From behind the group of black robes came a voice, saying, “I’m afraid it’s not mutual, actually.”
It was the sister that Zoya had seen when they first arrived, Sister Patricia Margaret Logue.
She was leaning on a cane, gazing at the scene with bemuse-ment. “The boy’s father is sending him to us for his education.”
Zoya said, “Why is that so hard to believe?”
The nun came close. “Because you are from a quite different world, my dear.” She glanced at the sky. “Such a nice ship. All the comforts?” Her tone changed. “And how did you like the preserve, where this boy was destined to live?”

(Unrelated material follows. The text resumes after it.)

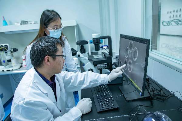 中國(guó)農(nóng)業(yè)科學(xué)院蘭州畜牧與獸藥研究所博士岳耀敬和團(tuán)隊(duì)成員討論羔羊體外胚胎發(fā)育實(shí)驗(yàn)。
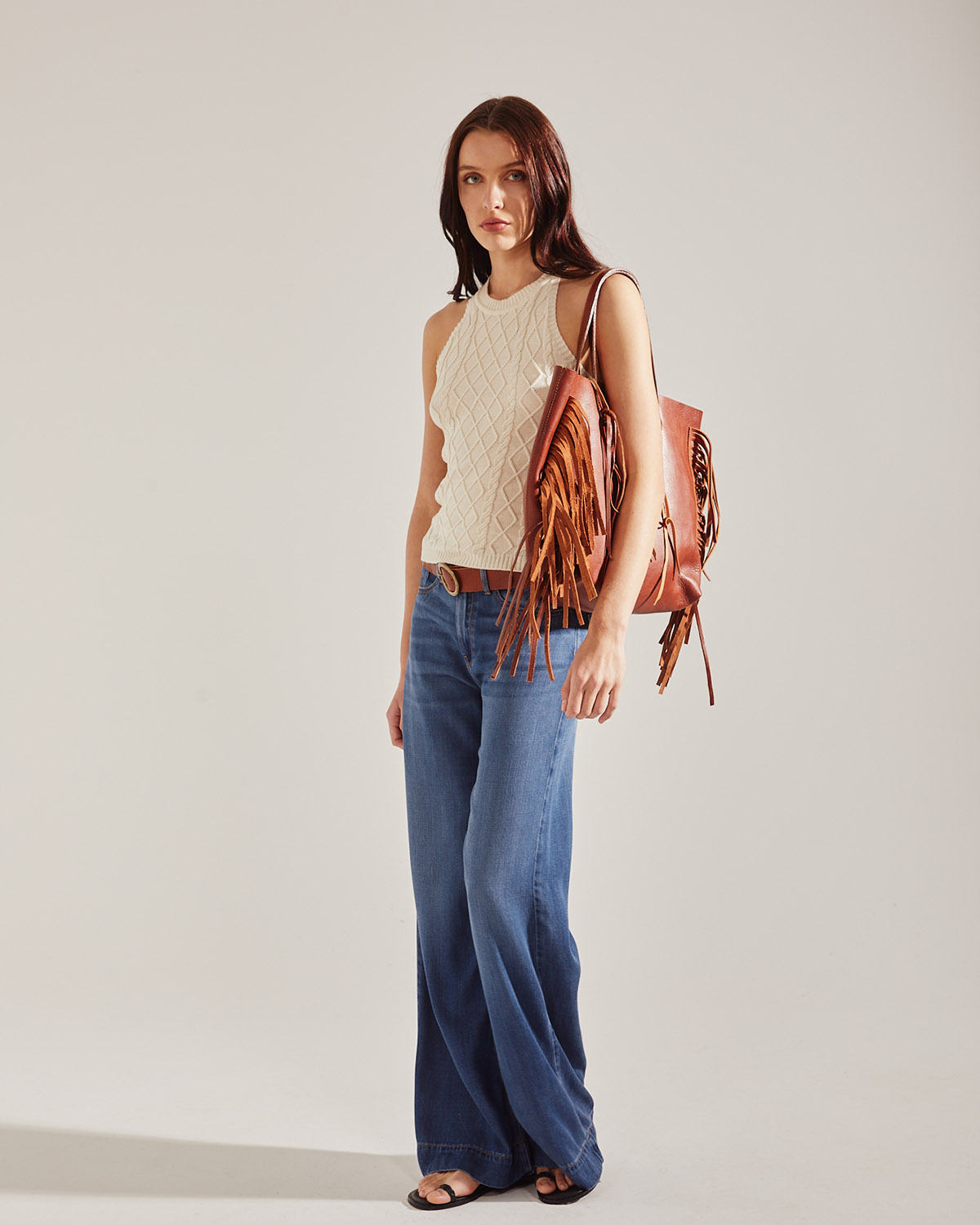 CON ARANES Y TRENZAS EN DELANTERO Y ESPALDA. DE ESCOTE CERRADO, LARGA A LA CINTURA.

Sister Patricia Margaret firmly took the boy by the arm and met Zoya eye to eye.
Zoya knew what Anatolly would have her do. Slowly, she released her hold. Diplomatically it was the right thing to do.
At that moment she hated diplomacy
Handing the child off to the waiting nuns, the sister turned back to Zoya. “The boy’s father is twenty-eight years old, and has already lost half his teeth. He had the boy working in the mines, though the child tests high in mathematics and language. Our resources are limited, or we would take them all.”
The sister nodded at her assistants, and they firmly pushed the boy back into the cab.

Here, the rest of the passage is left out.